Some spren, such as flamespren, share characteristics with current observations in quantum mechanics, and are based on them. For example, when they are observed they remain stable in the recorded state, but when tested more thoroughly, they change as though at random.

As revealed in the second book, Spren are "concepts and ideas" given physical form by the human collective subconscious. Among the many forms of spren, some are intelligent, possess self-awareness, and have even built their own cities. They reside naturally in Shadesmar, and often cross over into the physical realm. This comes at the cost of most of their self-awareness for the higher, more exalted spren, which they can regain by making bonds with humans. The sea and land are reversed in Shadesmar—what would be land on Roshar is a sea of black beads in Shadesmar, each representing a physical form on Roshar. Shadesmar also contains cities and a strange type of flora.

Surgebinding
Surgebinding refers to a group of ten magic systems that stem from Honor and Cultivation, two of the three Shards of Adonalsium present on Roshar. Each of Surgebinding's ten systems revolves around 'binding' two natural 'Surges,' for instance Gravity and Adhesion, to the Surgebinder's will. Surgebinding is powered by Stormlight, and the ability is granted to humans through bonding with a Spren, a type of elemental spirit native to Roshar. There are ten Surgebinding's branches, with Windrunning and powers of Lightweavers (Transformation - Soulcasting and Illumination - illusions), described thoroughly.

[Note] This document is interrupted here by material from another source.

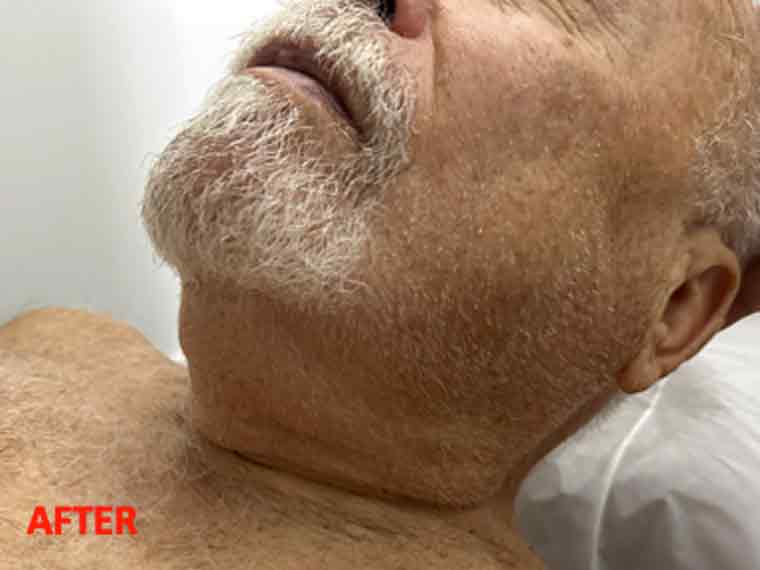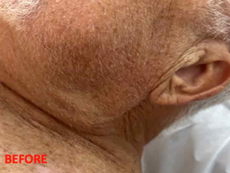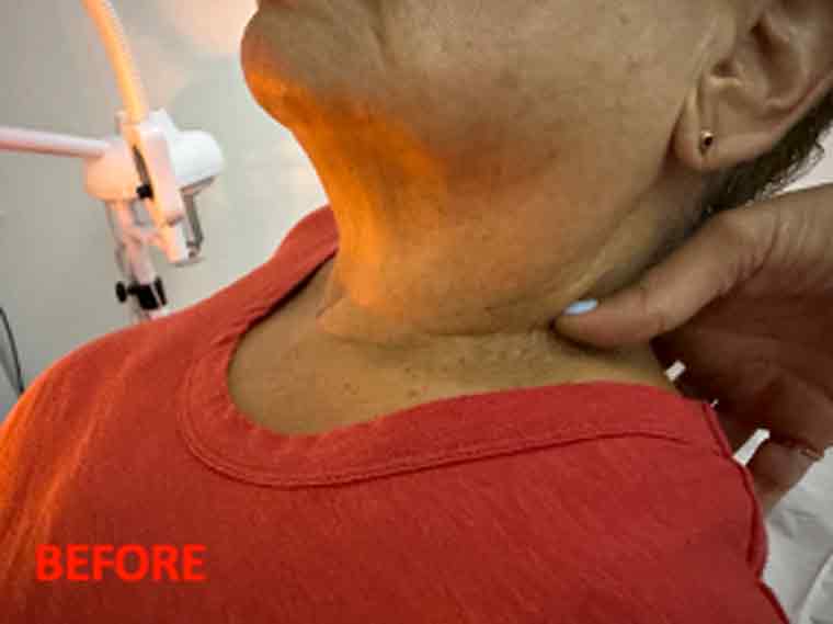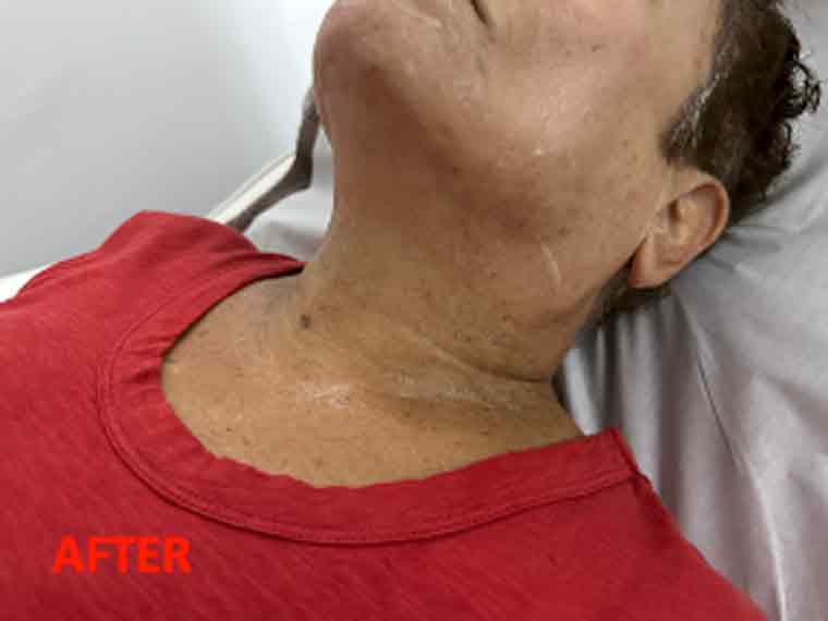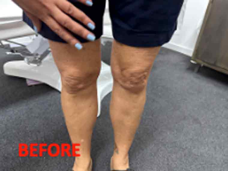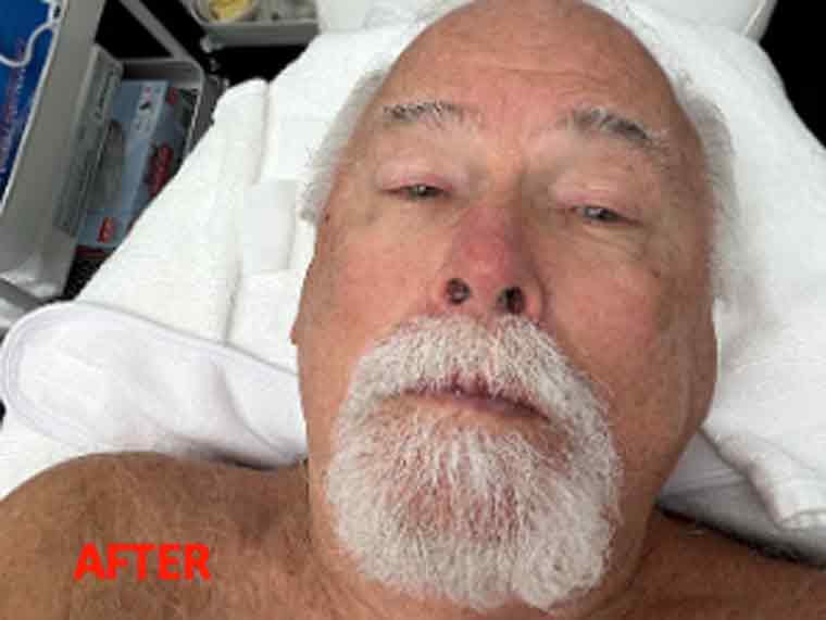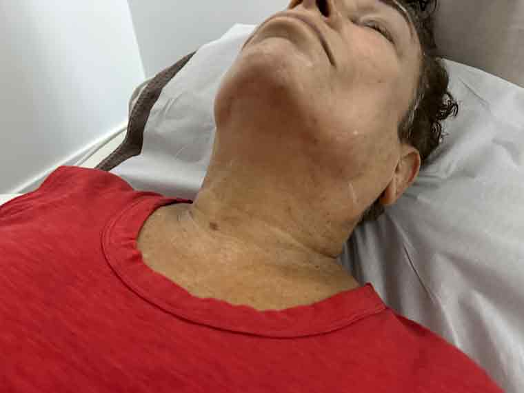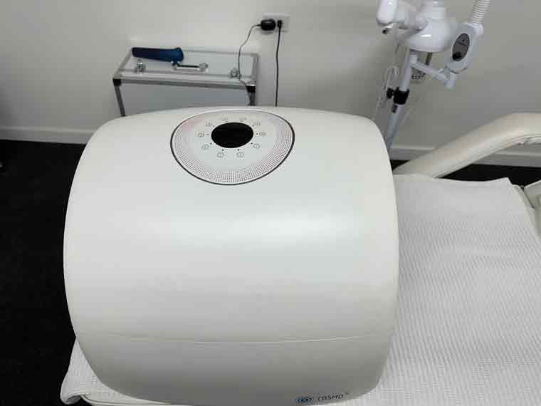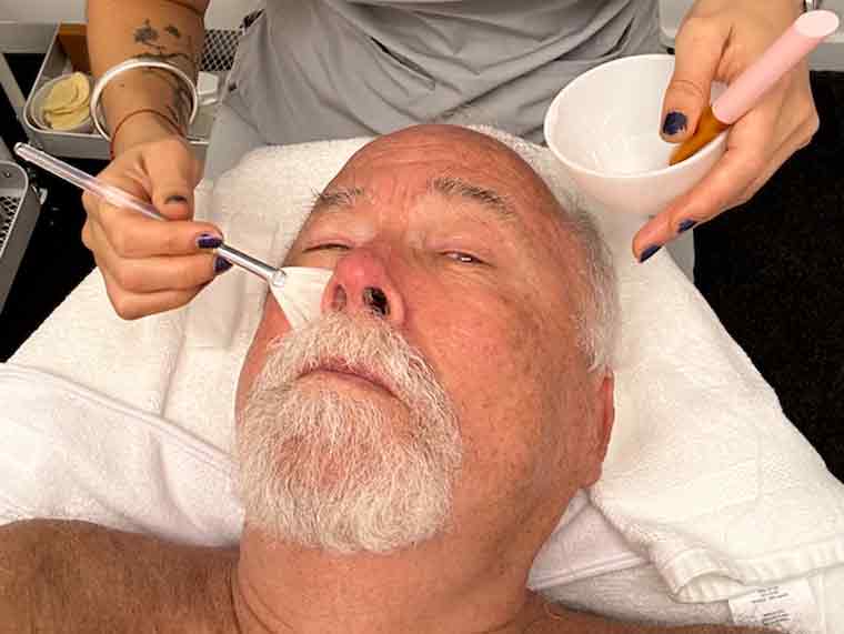 Our last experience with an LED device was completely different. The Cosmo by Space touch is a whole-body device that produces all types of LED light – red, blue, green and yellow. The device is placed over different sections of the body and by cycling through the different LED lights it can stimulate collagen and elastin production (red), improve skin texture and reduce brown spots and acne and acne scarring (blue), reduce inflammation, treat nerve conditions, manage diabetes and stomach conditions (green) and treat skin redness and flushing, rosacea, UV radiation damage and reduce the appearance of telangiectasias (ruptured blood vessels) on the nose and face (yellow). For this treatment, we were back at Natural Beauty MedSpa in Puerto Paraiso. Both my wife and I went through the full treatment – first on our legs and mid-section and then on chest and head and face. For the facial treatment, we each had a full collagen mask on our face and neck. This magnifies the effects of the LED treatments. We took some before and after photos that showed in this short time that wrinkly skin on our knees, looseness of the skin on our necks had improved significantly. The addition of collagen lotion following the treatment helped to continue the effects over time.

Windrunning is an ability where the wielder uses the power of Stormlight to affect gravity and adhesion. It is described in three methods known as the "Three Lashings". A Basic Lashing changes the direction of gravitational pull for an individual (causing the person to be pulled towards another object or direction instead of towards the center of the planet). A Full Lashing is described as creating an almost unbreakable bond between two objects until the Stormlight dissipates. A Reverse Lashing causes an object to have a much stronger gravitational pull, causing other objects to be pulled towards it.

The only individuals in the book seen to use Windrunning are Szeth-son-son-Vallano, Kaladin, the squires of Kaladin in Bridge Four, and through the visions of Dalinar, members of the Knights Radiant.

Soulcasting and Shadesmar
Soulcasting is a practice where objects are changed from one form to another. It has proven able to turn rock into smoke, purify blood of poisons, and create food, among  many other applications. Soulcasting is done by means of a device called a soulcaster that is powered by gems imbued with Stormlight. The type of gem placed inside the soulcaster determines what the caster can transform. With each use of a soulcaster, there is a chance of the gem cracking and being destroyed, especially when a large amount of matter is changed. The main practitioners of soulcasting are the Ardents of the Vorin religion, however there are a few exceptions. Shallan's father's steward knew how to use a soulcaster, as he used Shallan's father's soulcaster.

By the end of The Way of Kings, Jasnah Kholin and Shallan are capable of doing magic that has very similar effects to Soulcasting but does not require a soulcaster to be used, and does not require that the magic user be in physical contact with the object they transform. This book does not go into great detail, but the magic involves mentally communicating with an unknown source to enter a place called Shadesmar. Shadesmar is described in detail in the book but mostly consists of a world made from tiny glass beads. Once within Shadesmar the power from a Stormlight infused gem can be used to manipulate objects.

In an interview with Brandon Sanderson, Shadesmar is described as a Cognitive Realm connecting all the worlds in the Cosmere. Sanderson has confirmed that Hoid is very good at using Shadesmar, that this is how Hoid moves between worlds, and that people on other worlds within the Cosmere have ways of accessing Shadesmar which are different from those the characters in this book use.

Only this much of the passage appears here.